America is a rich country, continued

Below are population-weighted, census tract-level histograms (taken from the 2014 ACS) showing the percentage of each tract living in poverty, the percentage on public assistance, and the percentage of those 25 or older without a high school degree.  On average, Americans live in neighborhoods with only about 12% of households below the poverty line, 9% on cash public assistance, and 14% of those over 25 without a high school diploma. Not only are American household incomes very high, but on average their neighborhoods are affluent as well.

Poverty PercentagePercent on Public AssistancePercentAge25WithNoHS

The medians suggest still more affluence: the median American lives in a neighborhood with 9 percent below the poverty line, 6 percent on public assistance, and 11 percent of adults without a high school degree.

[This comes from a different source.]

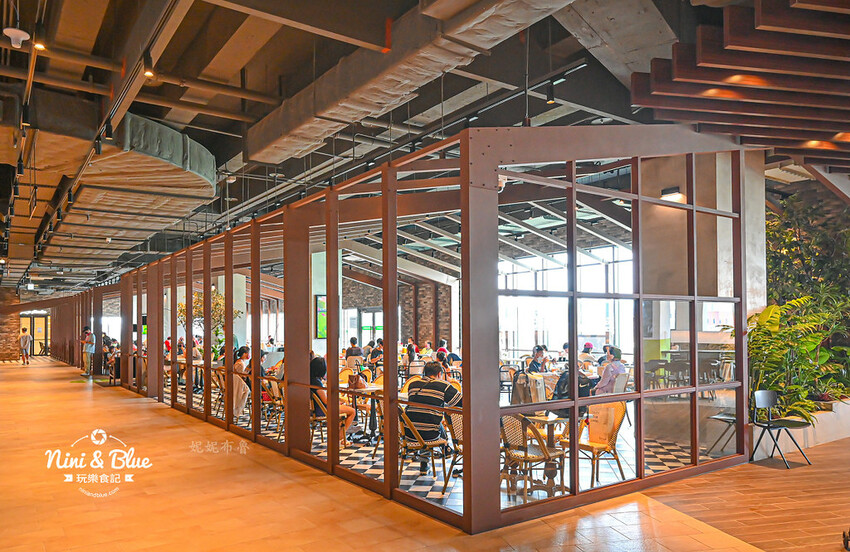 LaLaport北館美食街用餐空間分成好多種樣貌,在這小屋窗邊的部分座位可以看到湧泉公園的星泉湖、帝國製糖廠,是台中各大百貨中唯一一個可以邊用餐、邊賞湖景的百貨美食街
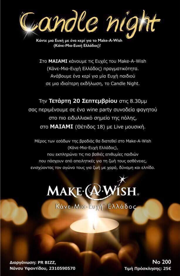Την Τετάρτη 20/09/2017, μετά τις 20.30, για 3η χρονιά στο MAIAMI, ανάβουμε ένα κερί για κάθε Ευχή παιδιού και το αφήνουμε το να ταξιδέψει στη θάλασσα.

Often, statistics like these are discussed in terms of white or middle class privilege, and it is true that urban areas and the make-up of public schools are both very different from the nation as a whole. That, in many ways, is the key political and social tension of early 21st century America: a very wealthy, predominantly white country with less wealthy and predominantly non-white youth.

But in the rush to spy out conflict, the basic fact should not be overlooked: America, imperfect today as it was yesterday, has given a great bounty of wealth to more of its citizenry than perhaps anywhere else has ever done.